This paper investigates federated multi-centre liver tumour classification from contrast-enhanced CT under realistic data heterogeneity and domain shift. To address the practical constraint that medical data are often siloed across institutions, we develop a FedProx-based federated learning pipeline that enables collaborative training without exchanging raw patient data. Using the LiTS dataset as the training domain, we construct a slice-level binary classification task based on voxel-level annotations, while rigorously assessing out-of-distribution generalisation on an external held-out dataset, 3D-IRCADb. We conduct comprehensive experiments across multiple backbone architectures, including ResNet-50, EfficientNet-B3, ViT-B/16, and MobileNetV3-Small, comparing FedProx and FedAvg under three heterogeneity intensities (IID, mild non-IID, and severe non-IID).

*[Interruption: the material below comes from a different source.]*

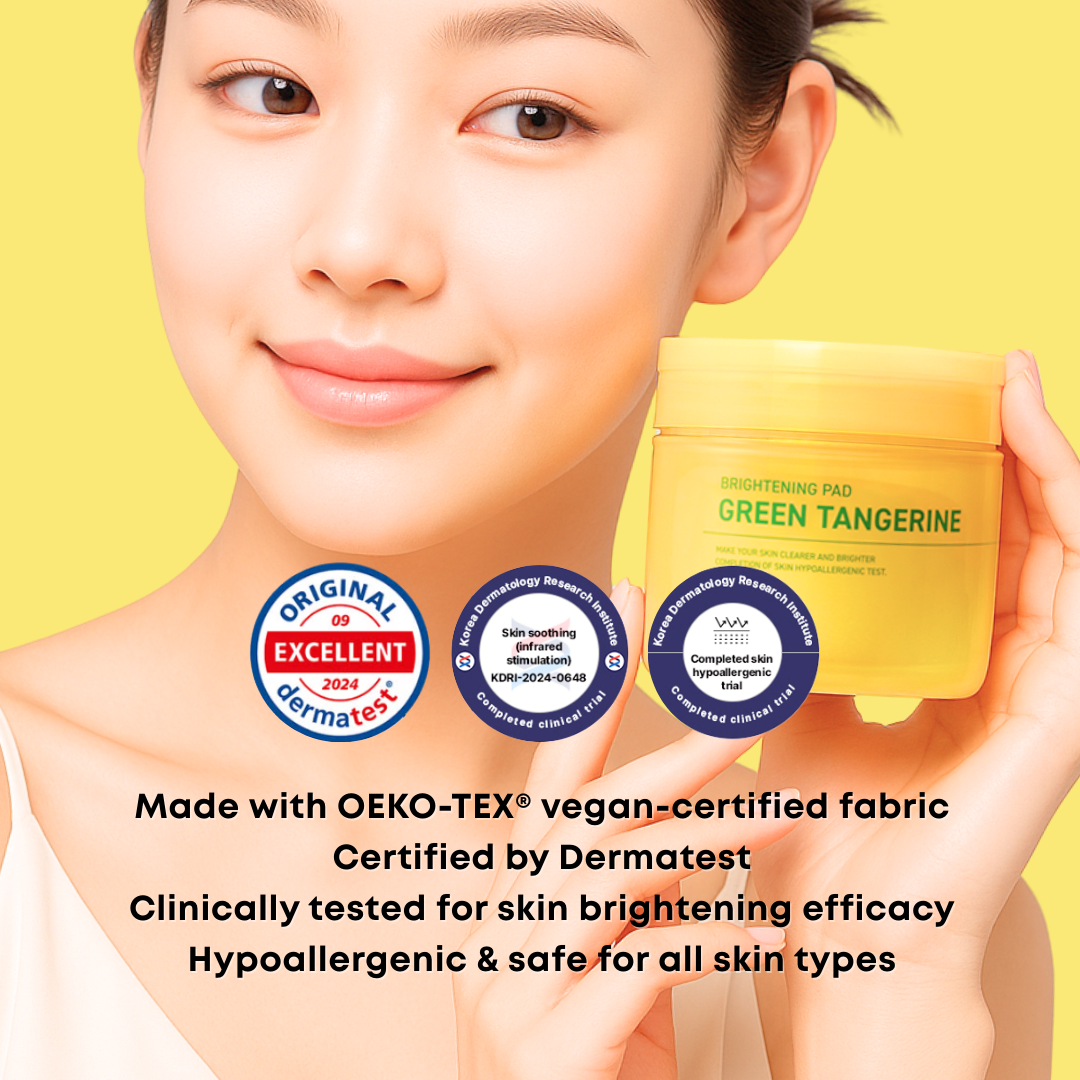 SOMISOME Green Tangerine Radiant Tone Up Pads are formulated with Jeju Green Tangerine Extract, Niacinamide, and Centella Asiatica. These pads help brighten dullness, refine uneven skin tone, and support a healthier complexion. Each pack includes 50 dual-sided pads made with premium cotton. The textured side gently exfoliates, and the soft side absorbs toner.

Furthermore, we evaluate transfer learning strategies, ranging from frozen backbones to partial fine-tuning of the last stage, and perform ablations on the proximal coefficient μ and local epochs E to characterise optimisation behaviour. Our results show that FedProx is generally comparable to FedAvg, with slightly more stable behaviour in some heterogeneous settings. We also observe a clear validation-to-external gap, indicating that external-domain robustness remains challenging and requires cautious interpretation for deployment. ImageNet pretraining yields consistent gains, particularly for data-sparse clients, while partial fine-tuning enhances adaptation to CT-specific features. Finally, MobileNetV3-Small offers a favourable performance–efficiency trade-off by reducing communication payload and computation cost, supporting practical deployment on resource-constrained clinical edge devices.

1. Introduction

Liver cancer remains one of the most prevalent and lethal malignancies worldwide, with increasing incidence and mortality reported in recent global statistics [1]. Accurate classification of liver tumours from computed tomography (CT) is crucial for diagnosis and treatment planning. Conventional deep learning methods in medical imaging typically rely on centralized datasets. In practice, however, medical data are distributed across institutions, creating data silos. Moreover, strict privacy regulations, such as the General Data Protection Regulation (GDPR) [2], limit cross-institutional sharing of raw patient data and hinder the development of robust large-scale medical AI systems.
Federated learning (FL) has emerged as a promising paradigm to address this challenge [3,4]. By enabling collaborative model training without exchanging raw local data, FL supports privacy-preserving multi-centre learning. In realistic medical networks, participating clients may correspond to central hospitals, regional hospitals, and local clinics, each with distinct data scales and case compositions. This naturally induces heterogeneous (non-IID) client distributions and unequal local optimization behaviours.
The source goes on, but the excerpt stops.